WOUB: Could you tell me about one of your experiences where you learned that you really shouldn’t try something again with a crowd?

JPW: One thing that I learned really early on is that you need to know your audience. You shouldn’t go on stage and try to make the audience bend to your will – unless you really just enjoy the abuse. I did a tour with Ziggy Marley years ago, opening for him – just me and a guitar. The first show that we did was outdoors in Colorado, and it was beautiful, right next to these rapids. Everyone who was there was stoned and there for a good time – something that I didn’t really think about until after I had played my first song, which was a very sad, woe-is-me kind of song, which is just the kind of music that I make. I realized very quickly that the crowd did not come there to get bummed out, and that everyone was there for a good time and to escape. I had to finish the set because I didn’t have any other material prepared, and after that I went straight back to my hotel room and re-wrote my entire set – for the better.

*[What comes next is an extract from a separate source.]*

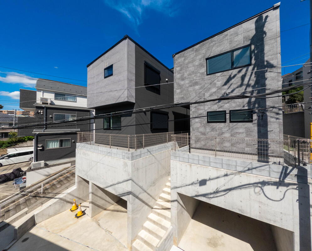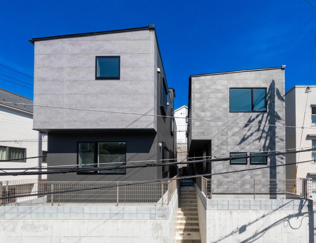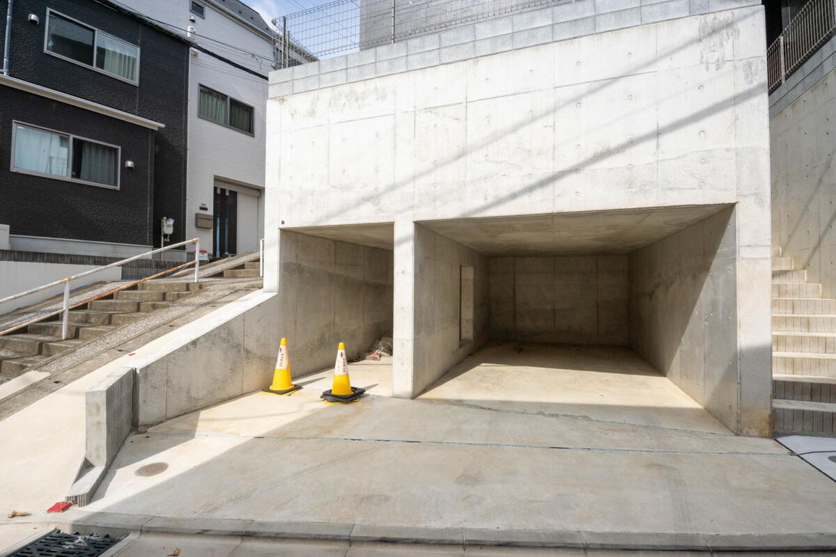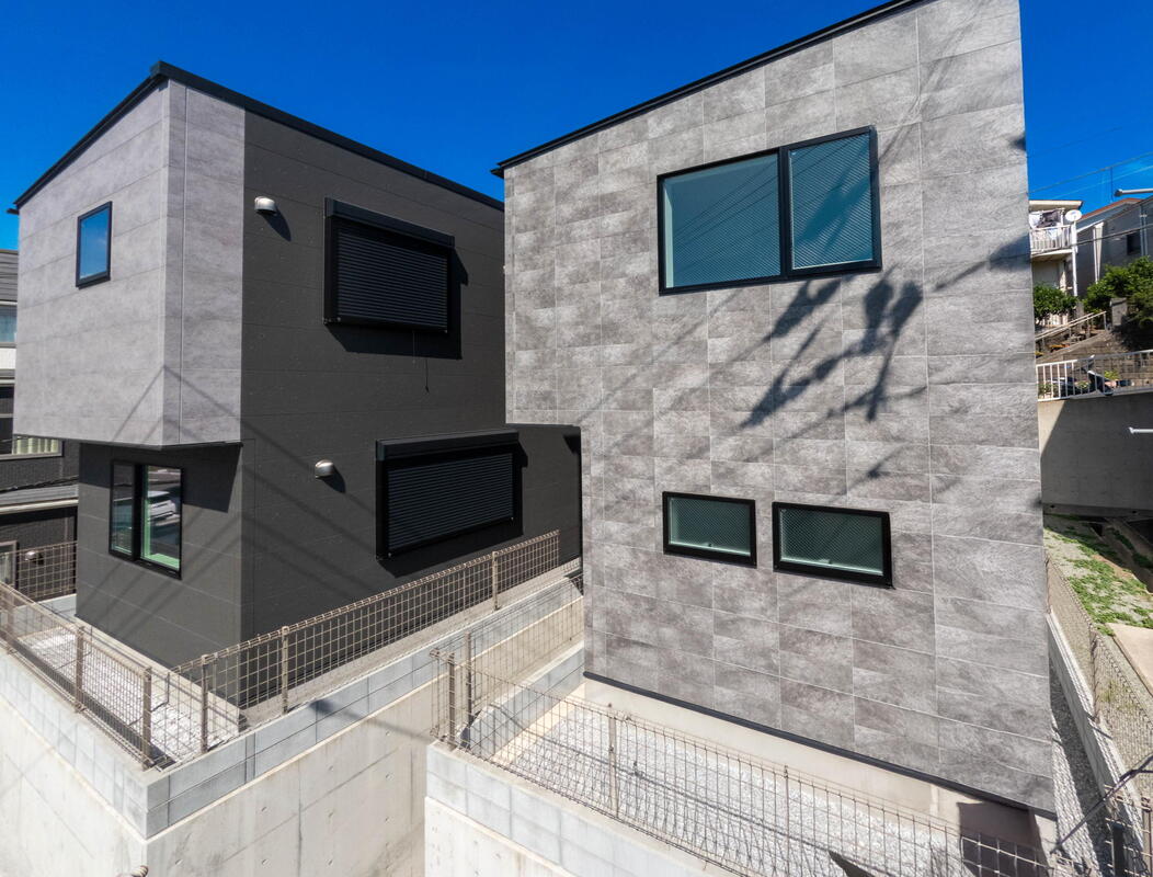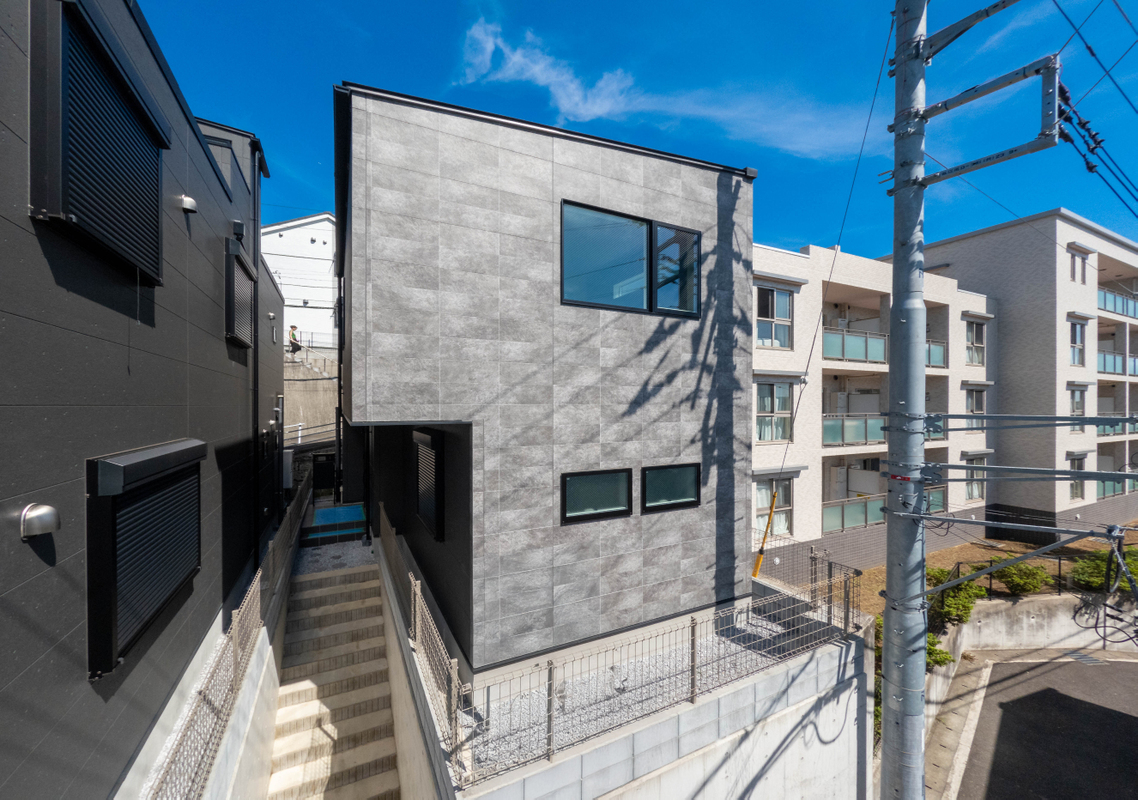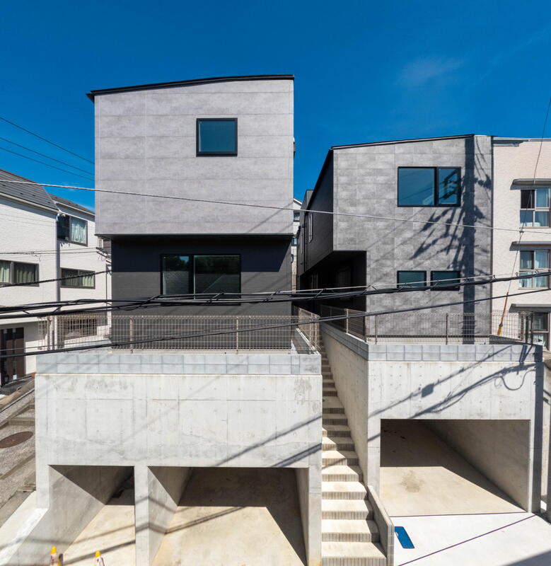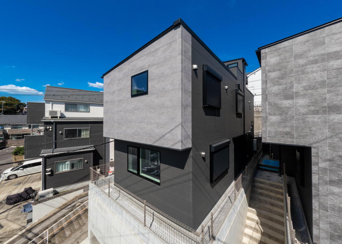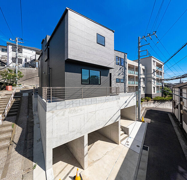地下車庫の上に佇むデザイナーズハウス 外観から目を引くクールな佇まい。
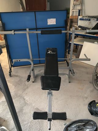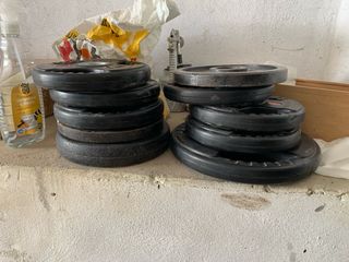 Se venden discos olimpicos de los siguientes pesos, a 2,5€el kg: 2 de 20kg 2 de 10kg 9 de 5kg 4 de 2,5kg 2 de 1,25kg Banco a 30€

I learned that you can’t try to fit a square peg into a round hole.

One thing that I learned really early on is that you need to know your audience. You shouldn’t go on stage and try to make the audience bend to your will – unless you really just enjoy the abuse. – John Paul White

WOUB: How did you change your set?

JPW: I did a lot of covers, and I didn’t make the mistake of trying to do any reggae covers. I’m a kid from Alabama, so I did things that were still very much me, but that were more positive and more fun. There’s a great reggae version of “Take Me Home, Country Roads,” that I did, and I’m drawing a blank on what else. It really opened my eyes to the fact that there are country songs out there that can bridge the gap between what I do and what Ziggy does. I covered a Citizen Cope song, a Police song; I did things that were approximations, rather than trying to appropriate someone else’s culture and music, because that would have just fell flat.

WOUB: Like you mentioned, a lot of your music is somber in tone. Is that a facet of your personality, or a part of your musical persona?

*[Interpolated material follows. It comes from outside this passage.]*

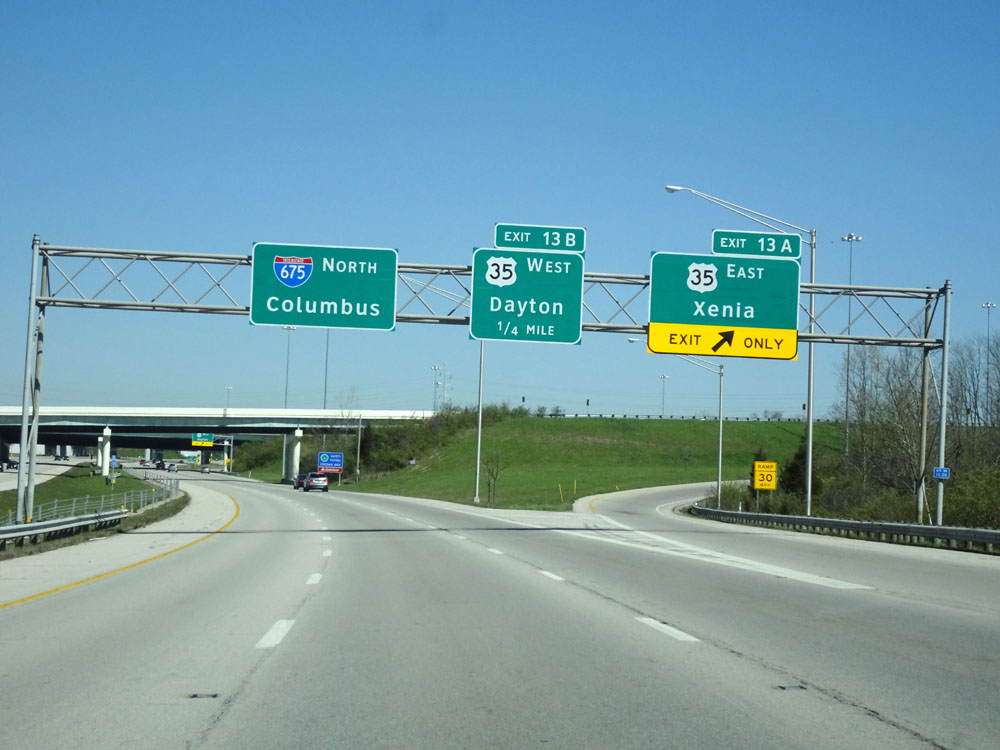 Interstate 675 North at Exit 13A: US 35 East - Xenia (Photo taken 4/17/16). |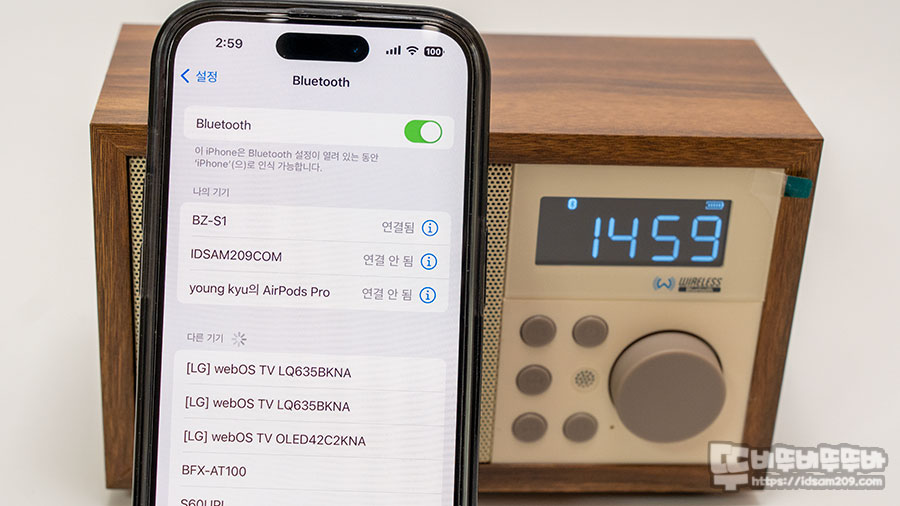 최초 블루투스 모드 진입 시 자동으로 페어링 모드로 작동하게 되는데 스마트폰에 등장하는 BZ-S1을 선택해 주면 페어링이 완료되며 이후에는 오토 페어링으로 사용하게 됩니다.

JPW: It’s a little bit of both. I grew up gravitating to sad songs, just like my parents. My dad listened to a lot of Hank Williams and Merle Haggard – and they had a lot of sad songs. I loved sad story songs, like “Long Black Veil”; these songs with these really dark twists in them. I also loved authors who wrote that way – I was really interested in Edgar Allen Poe from an early age. I don’t know why that kind of art draws me in, maybe it’s because I see the river as being a lot deeper than the mountains are high. When I have a good day, or a good moment, I just don’t feel like it marks me the way that a bad moment does. The bad moments seem to be able to change who I am as a person, and I can mark time in low moments. I think that is how it is for many people, not that you should live in that dark place, or that you should be cynical; but dark moments overall are often also pivotal moments in your life.

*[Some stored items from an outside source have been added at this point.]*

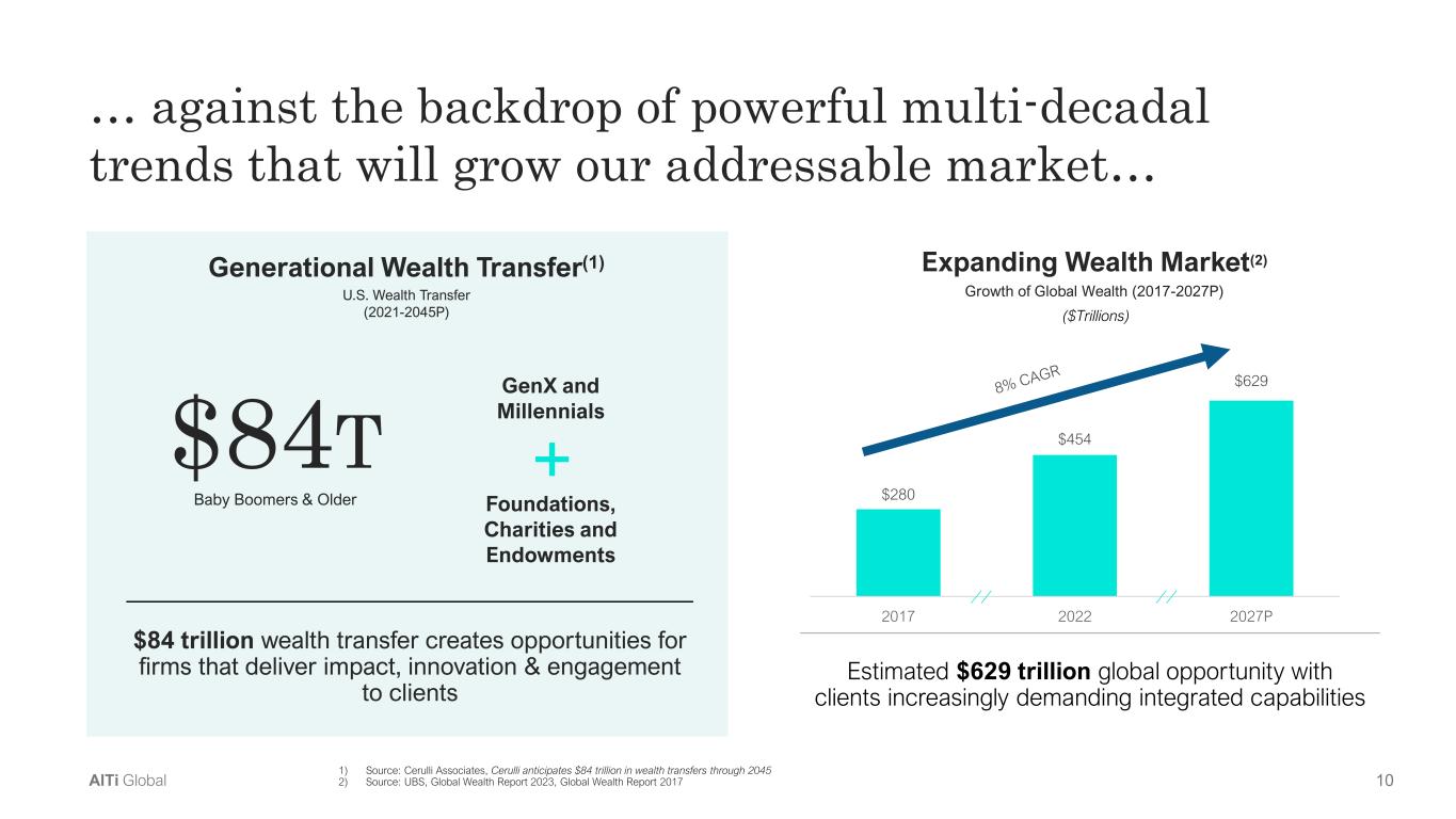 9AlTi Global AlTi serves the needs of the fast-growing and lucrative Ultra-High-Net-Worth market… 1) Source: Wealth-X, an Altrata company, World Ultra Wealth Report 2024 2014 2028F +6.6% CAGR 2023 +4.0% CAGR (+13% in U.S. in 2023) 33.7, 89% 4.0, 10% 0.4, 1% $63.0, 42% $39.5, 26% $49.2, 32% UHNW individuals make up an outsized portion of the global Wealth market(1) Global population of HNW individuals (millions of people) Wealth of global HNW individuals ($trillions) The global UHNW population is on the rise(1) Historical and anticipated growth in UHNW individuals High net worth ($1mm-$5mm) Very high net worth ($5mm-$30mm) Ultra high net worth ($30mm+)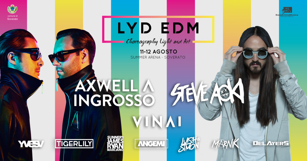La Summer Arena si appresta a vivere la sfida di questa estate 2017. L’area ideata e gestita dalla Esse Emme Musica di Maurizio Senese ospiterà infatti per la prima volta al Sud, una produzione unica per il Meridione dedicata agli amanti della electronic music dance. E’ il LYD EDM, acronimo di Live Your Dream – Electronic Dance Music Festival che ospiterà a Soverato oltre 10mila fan che arriveranno anche da fuori regione per celebrare il sano divertimento accompagnati dal suono della musica elettronica, l’11 e il 12 agosto. Nel corso della due giorni la grande festa della musica, vera sorpresa dell’estate 2017 mai sperimentata in precedenza, sarà condotta da una line up di dj/producer internazionali che si esibiranno su uno stage mastodontico, circondato da scenografie spettacolari e coreografie ma viste prima. A dirla tutta sulla portata dell’evento è la line up, davvero prestigiosa, con dj provenienti dai Migliori festival del mondo, come il Tomorrowland o l’Ultra Music Festival, per citarne solo un paio. On stage per il LYD – EDM ci saranno i fratelli Vinai, nel 2016 arrivati alla 37esima posizione di Dj Mag Top 100; Marnik; i Delayers che si presentano a Soverato forti della loro collaborazione con Nari&Milani e Tiesto; Lush & Simon definiti i nuovi talenti dell’EDM, supportati dai migliori dj producer di tutto il mondo come Hardwell, Davide Guetta, Martin Garrix, Tiesto e Alesso; e poi ancora ci sarà il dj/producer statunitense di origine giapponese, Steve Aoki, attualmente settimo nella Dj Mag Top 100; il belga resident al Tomorrowland Yves V; Angemi, dj/producer catanese che con la sua musica è arrivato a esibirsi sui palchi più importanti del mondo, supportato da Smash The House, la label fondata da Dimitri Vegas & Like Mike. La line up prosegue poi con il duo olandese di Sunnery James & Rian Marciano, il duo svedese Axwell/\Ingrosso, già protagonisti a Tomorrowland, Edc, World club dome e Ultra music festival, dove hanno eseguito il set più bello in assoluto. Presenza femminile sullo stage del LYD – EDM, sarà l’australiana Tigerlily, unica lady del Festival.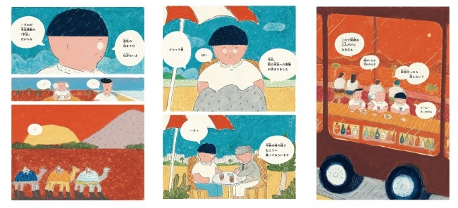 クレヨンで描かれたのびのびとした表現と、その不可思議な物語の世界。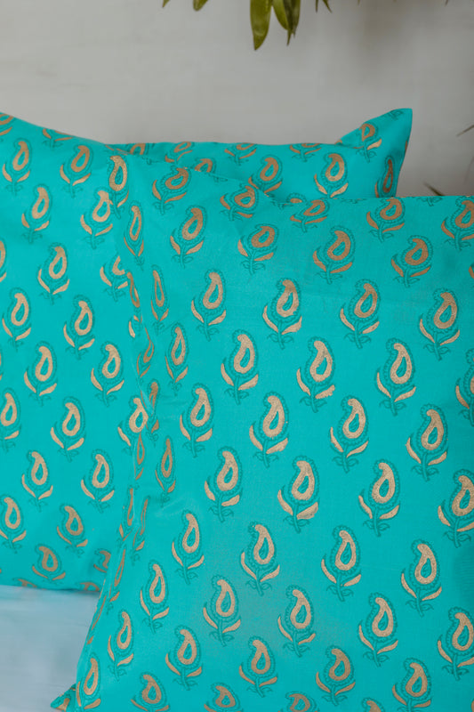 Shiny Green Paisley Cushion Cover

WOUB: Could you tell me more about the place that your music comes from? It seems very sincere to me, devoid of cynicism.

JPW: I’m glad to hear that – because the flip side of that is that I don’t care for music that is overly maudlin. One of my favorite artists is Elliot Smith nobody who was more willing to get darker than Elliot – but at the same time all of his melodies are gorgeous. It’s like he has it figured out – he knew how to deal with all the stuff that we go through every day and articulate it. I would never listen to his music and feel depressed – I just felt like I made more sense. My music isn’t about how everything is horrible and it’s not getting better – and I think that people know that. I am in a very good place in my life right now, and I feel like hope comes out in my music – I see hope everywhere. My music isn’t about how the sky is falling, it’s just about the way things are and how I cope with them.